• [What is expected]:
An exact copy of the data is required. No picture may appear in it.

[Dataset items]
--

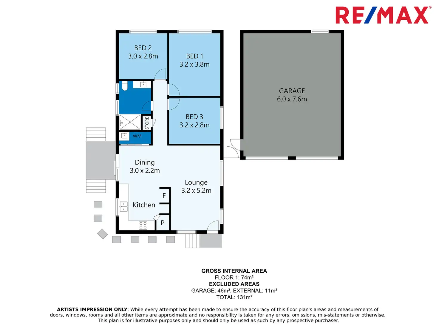 3 Bed • 1 Bath • 2 Car • 768m²
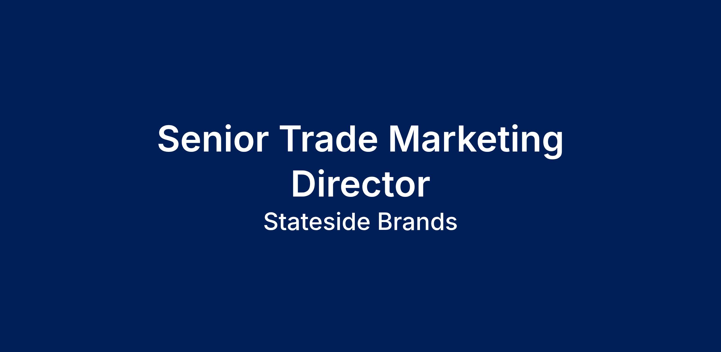 As the Senior Trade Marketing Director at Stateside Brands, you will report directly to the Chief Marketing Officer and be the driving force of our national trade strategy — driving brand growth at the point of purchase and consumption. This role is responsible for translating brand strategy into best-in-class execution across all markets, accelerating awareness, trial, and recruitment across the portfolio. As a key leader across Marketing, Sales, and Distribution networks, you will ensure best-in-class execution nationwide while enabling effective localization by market. Acting as the connective tissue between brand strategy and commercial results, you will own the development and deployment of scalable, insight-driven programs that enable Stateside Brands to win at retail and on-premise.
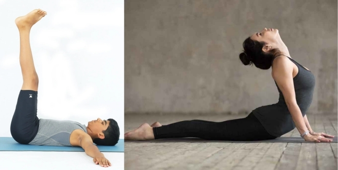 (२) विपरित-करणी : कृती : चित्रात दाखविल्याप्रमाणे पाय आणखी थोडे मागे घेऊ शकता. पायांचे अंगठे डोळ्यांसमोर आले की डोळे बंद करून जिभेचे टोक टाळूला लावून घशातील ग्रंथींना मनाने उपचार करा, या सूचना देत स्वस्थ, सुदृढ, ताणविरहित. रक्त खांद्यांपर्यंत आलं की हळूहळू हातांच्या आधारे खाली या व शवासनाची स्थिती घ्या.
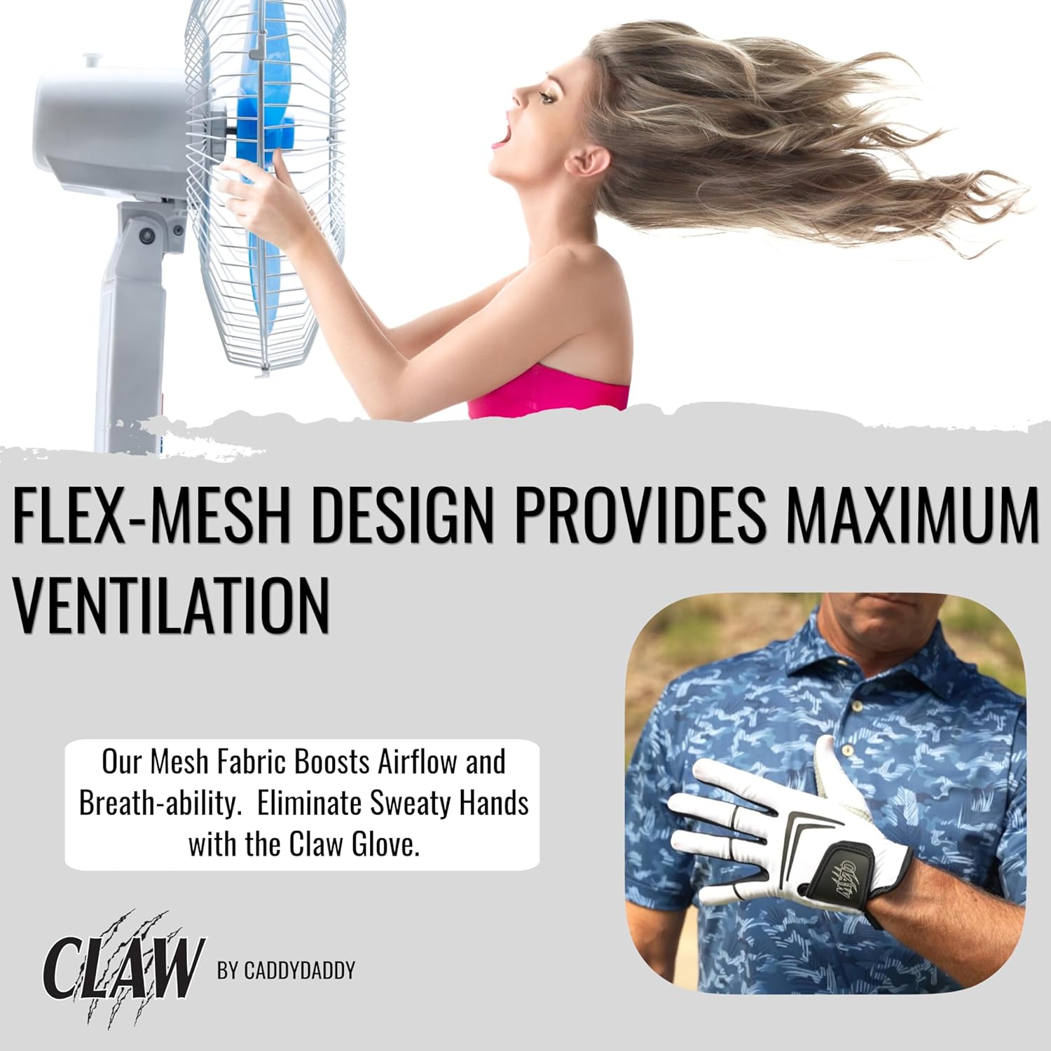 CaddyDaddy Claw Golf Gloves for Men | Flex-Mesh Design for Cool Ventilation | Lasts 3-5 Times Longer Than Leather | Silicone-Web Coating for Maximum Grip | Machine-Washable
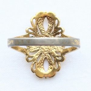 Vintage Cross Ring Signed COP 89 Religious Jewelry Size 8.75. Wear to gold tone on band as shown.
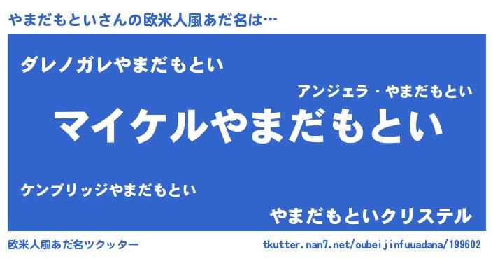 | 男性向けラノベタイトル風あだ名 | 『ヤマダモトイアートオンライン』 |
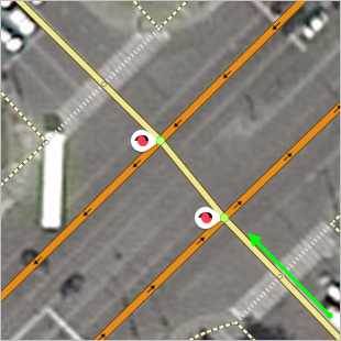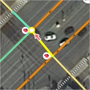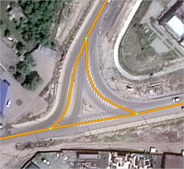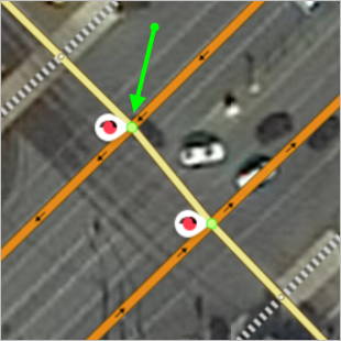 When creating a prohibited or restrictive maneuver on an intersection that includes a road with two lanes, select the point that's considered an entrance to the intersection for the given direction:
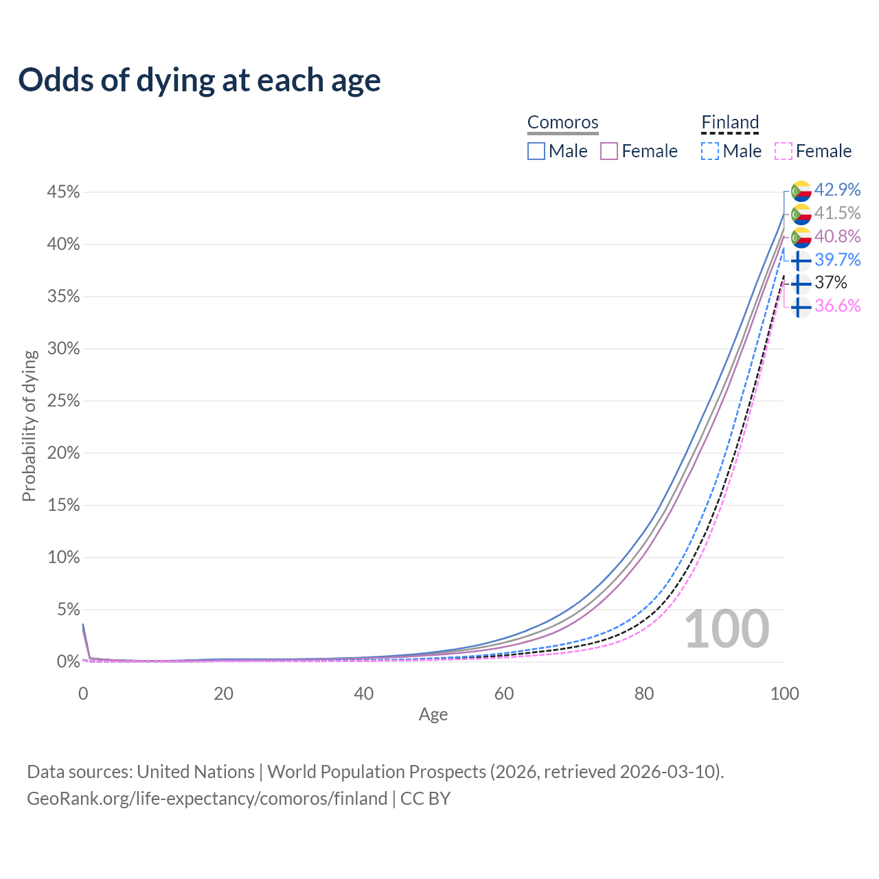 This life expectancy calculator shows the odds of living to 100, 95, 90, and below based on current age for both males and females in Comoros and Finland, along with mean and median age of death. The calculations are based on the 2026 life tables (actuarial tables) from the UN World Population Prospects.
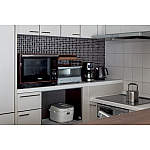 ダイニングから見える家電コーナーには、背面に濃い茶色のタイルをあしらいました。
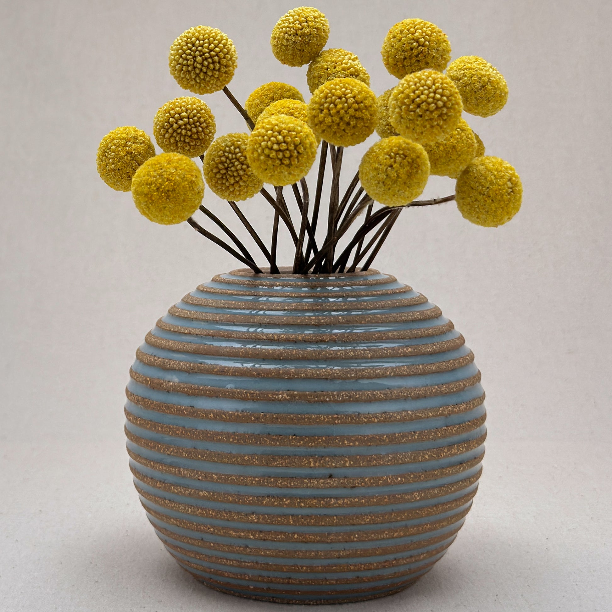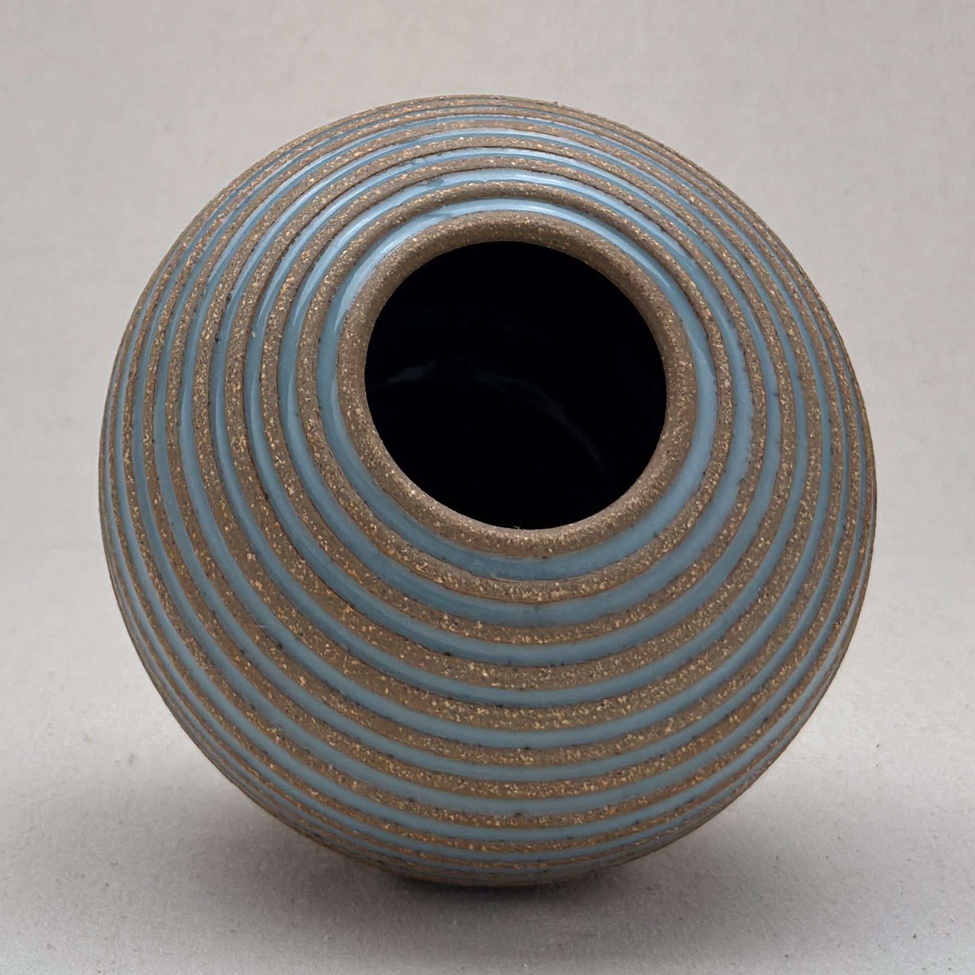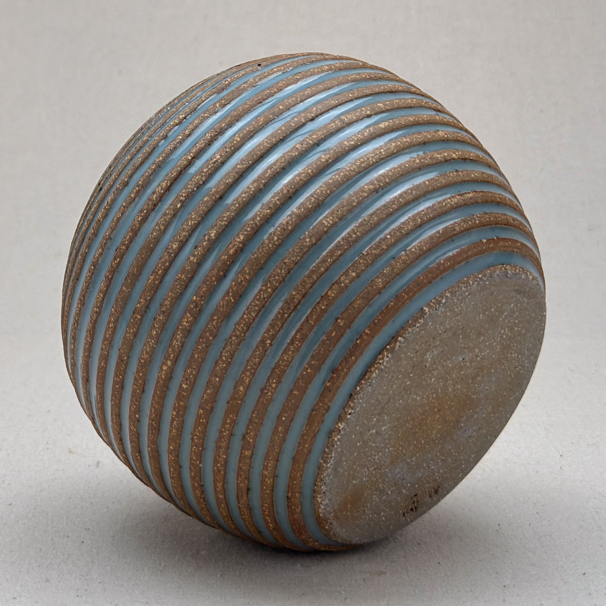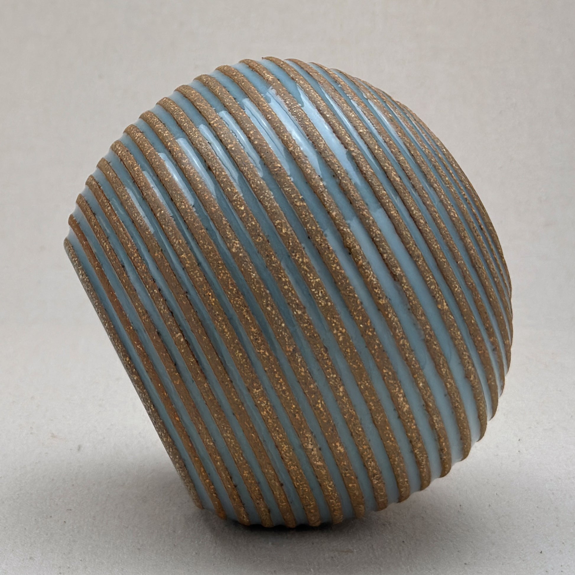 This striped blue ceramic bud vase was made on the potters wheel. When I threw it, I used a textured potter’s rib to form a deep groove into the wet clay. I used a transparent blue glaze letting it pool among the ridges. I left the peaks unglazed, so you can see iron-based clay.

--

• [Answer]:
 3 Bed • 1 Bath • 2 Car • 768m²
 As the Senior Trade Marketing Director at Stateside Brands, you will report directly to the Chief Marketing Officer and be the driving force of our national trade strategy — driving brand growth at the point of purchase and consumption. This role is responsible for translating brand strategy into best-in-class execution across all markets, accelerating awareness, trial, and recruitment across the portfolio. As a key leader across Marketing, Sales, and Distribution networks, you will ensure best-in-class execution nationwide while enabling effective localization by market. Acting as the connective tissue between brand strategy and commercial results, you will own the development and deployment of scalable, insight-driven programs that enable Stateside Brands to win at retail and on-premise.
 (२) विपरित-करणी : कृती : चित्रात दाखविल्याप्रमाणे पाय आणखी थोडे मागे घेऊ शकता. पायांचे अंगठे डोळ्यांसमोर आले की डोळे बंद करून जिभेचे टोक टाळूला लावून घशातील ग्रंथींना मनाने उपचार करा, या सूचना देत स्वस्थ, सुदृढ, ताणविरहित. रक्त खांद्यांपर्यंत आलं की हळूहळू हातांच्या आधारे खाली या व शवासनाची स्थिती घ्या.
 CaddyDaddy Claw Golf Gloves for Men | Flex-Mesh Design for Cool Ventilation | Lasts 3-5 Times Longer Than Leather | Silicone-Web Coating for Maximum Grip | Machine-Washable
 Vintage Cross Ring Signed COP 89 Religious Jewelry Size 8.75. Wear to gold tone on band as shown.
 | 男性向けラノベタイトル風あだ名 | 『ヤマダモトイアートオンライン』 |
 When creating a prohibited or restrictive maneuver on an intersection that includes a road with two lanes, select the point that's considered an entrance to the intersection for the given direction:
 This life expectancy calculator shows the odds of living to 100, 95, 90, and below based on current age for both males and females in Comoros and Finland, along with mean and median age of death. The calculations are based on the 2026 life tables (actuarial tables) from the UN World Population Prospects.
 ダイニングから見える家電コーナーには、背面に濃い茶色のタイルをあしらいました。
 This striped blue ceramic bud vase was made on the potters wheel. When I threw it, I used a textured potter’s rib to form a deep groove into the wet clay. I used a transparent blue glaze letting it pool among the ridges. I left the peaks unglazed, so you can see iron-based clay.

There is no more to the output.